I’ve spent several years in various parts of the Middle East — mostly engaged in studying the Arabic language. While that involved thousands of hours of coursework at various universities across Israel and Egypt, it also involved thousands of hours conversing with Arabs in hopes of honing my language skills.
While each conversation in Arabic was unique in itself, it seemed that two topics *always* entered into the conversation: religion and politics. Political discussions usually included a touch of US foreign policy criticism sprinkled with re-litigating any number of wars between Israel and her neighbors. Such discussions were exhausting, primarily because everything was always somebody else’s fault. But religious discussions often took a turn toward the unexpected.
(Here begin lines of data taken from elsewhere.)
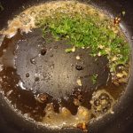 8. Deglaceer de pan met citroensap van de halve citroen, de bouillon, srirsacha saus en kook iets in.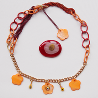 The ultimate transitional statement piece to take you from summer to fall, deep auburn, fiery red, bright orange, and complementary yellow and gold accents form the versatile palette that creates this one of a kind reversible statement necklace which can be worn 2 amazing ways!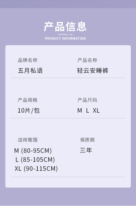 1条不到一块钱! 母婴品牌 安全可靠 五月私语女性卫生裤(安睡裤) ◾有码数可选 胖胖女孩也能穿! ◾姨妈期有它 安心滚着睡一整晚 ◾绵柔云朵触感 独立包装干净卫生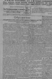 „И ЕСЛИ ВСЕ КОЛ ХО ЗНИКИ ,— ВСЕ, А НЕ ТОЛЬКО БОЛЬШИНСТ! б у д у т работать честно, колхозы завалятся продуктами, они - зава* цепким добром , и наша страна станет самой богатой страной в мире ________ ______________ _ (СТАЛИН.) Проле т арии в с е х с т р а н , с о е д и н я й т е с ь ! . З а б о л ь ш е в и с т с к и е = К О Л Х О З Ы = № 2 1 2 7 октября *1935 г . ПЕРВЫЙ Г О Д ИЗДАНИЯ О Р Г А Н С Е В Е Р Н О Г О РАЙКОМА В КП (б ) и РИКа ЗАП. СИБ. КРАЯ „ Е с л и . в ы хотите укрепить артель, если вы иметь массовое колхозное движение, к о т о р о е дс в а т н т ь миллионы дворов, а не единицы и соти вы э т о го хо ти те добиться,— вы при ныне шних 1 должны обязательно учесть, кроме общих ннтер' х о з н н к о в , их личные интересы“ . (Сталин ) О б р а щ е н и е 3 - г о районного с л е т а к о л х о з н и к о в — у д а р н и к о в С е в е р н о г о р.на З С К КО В С Е М КОЛ ХО ЗНИКАМ , КОЛ ХО ЗН ИЦ АМ И Т Р У Д Я Щ И М С Я ЕДИНОЛИЧНИКАМ РАЙОНА 1 о з ари щм! под р у к о в о д с т в о м к о м му н и с т и ч е с к о й партии, в о г л а в е с в ожд е м т р у д я щ и х с я в с е г о ми ра у ч и т е ле м и д р у г о м великим ( Л АЛИНЫМ рабочий Аяасс и т ру д я щи е с я к р е с т ь я н е с т р а ны с о в е т о в д о б и л и с ь крупне йших побед, к а к в о б л а с ти инду с т риа лиз ации с т р а ны, а т а к - ж е п е ре с т р о йк и с е л ь с к о г о х о з я й с т в а по с о ц и а л и с т ич е с к о му п у т и . П о с т р о е н ы з а в о д ы г и г а н т ы : Дн е прос т рой, М з г н ч т о с т р о й , Кузиецк- с т р о й и т. д . М е л к о е р а з д р о б л е н н о е к р е с т ь я н с к о е х о з я й с т в о в о с новном п е р е в е д е н о на р е л ь с у кру и но г о с о ц и а л и с т и ч е с к о г о х о з я й с т в а с о в х о з ы и к о л х о з ы , с оц и а л к с т и ч е с кий с г р о й в с т р а н е о к о н ч а т е л ь н о победил и на о с н о в е э т о г о разгром д е н о к у л а ч е с т в о к ак к л а с с . Западная с иб и р ь из края к а т ор г и и с сы л к и , под р у к о в о д с т в о м к р а е в о ю к омит е т а партии в о г л а в е ор д е н о н о с ц е в т. т . Э Й Х Е и Г Р Я Д И Н С К О Г О , п р е в р а т ил а с ь в край ф а б рик, з а в о д о в , с о в х о з о в , к о л х о з ов и р о с т а к у л ь т у р ы , на полях края ра б о т а ю т с от ни комбайно в н тыс ячи т р а к т о р о в и ав т омашин . Э т и ре зу- т ь т а т ы не могли не- о к а з а т ь влия пня на раз витие с е л ь с к о г о х о з я й с т в а , т а к о г о о т с т а л о г о района как наш Се в е рный , За последние 2 г о д а в районе, по с е в ны е площади вы росли а полтора раза, к о л и ч е с т в о К Т Ф у в е л и ч и л о с ь в ч е т ы р е раза, в райоп в в е з е н о 17 д в и г а т е л е й и ло к омо б ил е й и 11 ав т омашин , к о л л е к т и в и з а ц и я в о с н о в но м з а в е р ш а е т с я , р а с т е т число у д а р н и к о в , о р га низ ационно х о з я й с т в е н н о к р е п н у т к о л х о з ы . В с е это, в м е с т е с р а з в е р т ы в а н и ем с о ц со р е в но в а н и я о б е с п е ч и л о л у ч ш е чем в прошлом г о д у и з н а ч и т е л ь н о раньше к о н ч и т ь у б о р к у х л е б о в , а с л е д о в а т е л ь н о кол хо з ы и мн о г и е т р у д о в ы е е д ин о л и ч н ые х о з я й с т в а раньше выполнили с с н о в - ь у ю г о с у д а р с т в е н н у ю з а д а ч у — хле б о и о с т а в к и ; по району с ократили падеж ыолодяяка п о ’ отношению к прошлому г о д у в д в а раза, но вы с н л а с ь т я г а к к у л ь т у р е , а в ме с т е с этим у в е л и ч и л а с ь з а б о т а о школ е , у в е ли ч ил а с ь с т о и м о с т ь т р у д о д ня, В м е с т е с этим мы не можем з а б ы в а т ь , ч т о н е к о т о р ы е кол хо з ы „ Пр о л е т а р и й “, „ Се в е р ный п у т ь * им. М о л о т о в а б е з о б р а з но з а т ян у ли у б о р к у х л е б о в , д о п у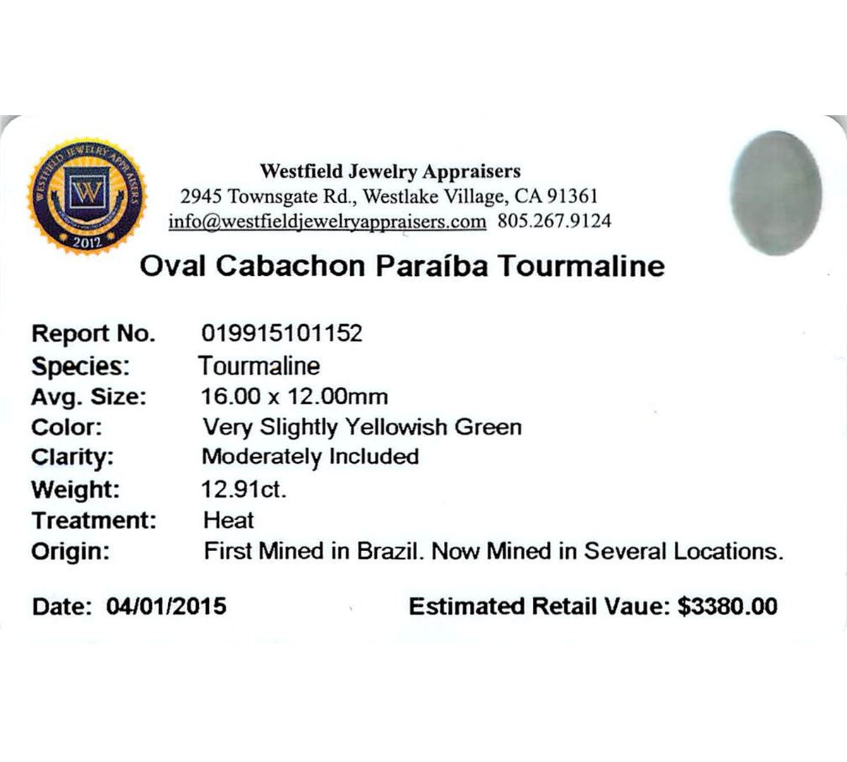One oval cabochon cut natural Paraiba tourmaline exact weight 12.91ct., clarity is moderately included, cut is good. Westfield Appraised at $3,380.00.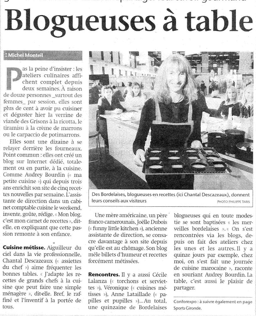 Que voulez vous, quand les bloggeuses bordelaises viennent, ça déplace les foules et la presse; d’ailleurs les ateliers ont été complets hyper vite! Pour l’année prochaine, il faudra peut-être envisager de réquisitionner le Stade de France 🙂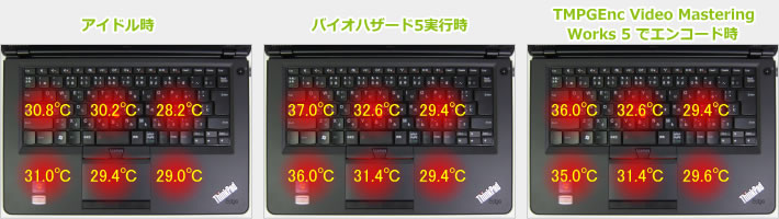右図:TMPGEnc Video Mastering Works 5 でエンコード時の表面温度(x264、解像度1280x720でエンコード)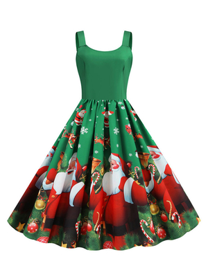 Robe rétro de Noël des années 1950 U-Neck sans manches femme robe Rockabilly & Mode Femme > Robes > Robes Rétro Vintage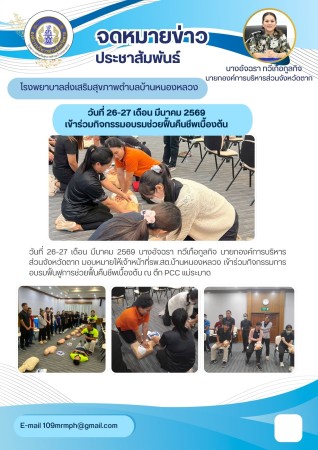 วันที่ 26-27 เดือน มีนาคม 2569 นางอัจฉรา ทวีเกือกูลกิจ นายกองค์การบริหารส่วนจังหวัดตาก มอบหมายให้เจ้าหน้าที่รพ.สต.บ้านหนองหลวง เข้าร่วมกิจกรรมการอบรมฟิ้นฟูการช่วยฟื้นคืนชีพเบื้องต้น ณ ตึก PCC แม่ระมาด

The initial religious discussions usually started with an Arab man telling me of his piety and Islam’s important role in the world’s history. And while I had studied the Qur’an and was well versed in the five pillars of Islam, most religious conversations would cover at least several of them. Many assumed that the reason I was speaking Arabic was that I had converted to Islam. Strike one, I would tell them — realizing full well they would not be familiar with this reference to baseball. Well then it must be I was with the CIA, they posited. Strike two. Few could understand why I was simply interested in learning a foreign language as a way of better appreciating a culture very different from my own. God forbid an American learn a little more about the Middle East.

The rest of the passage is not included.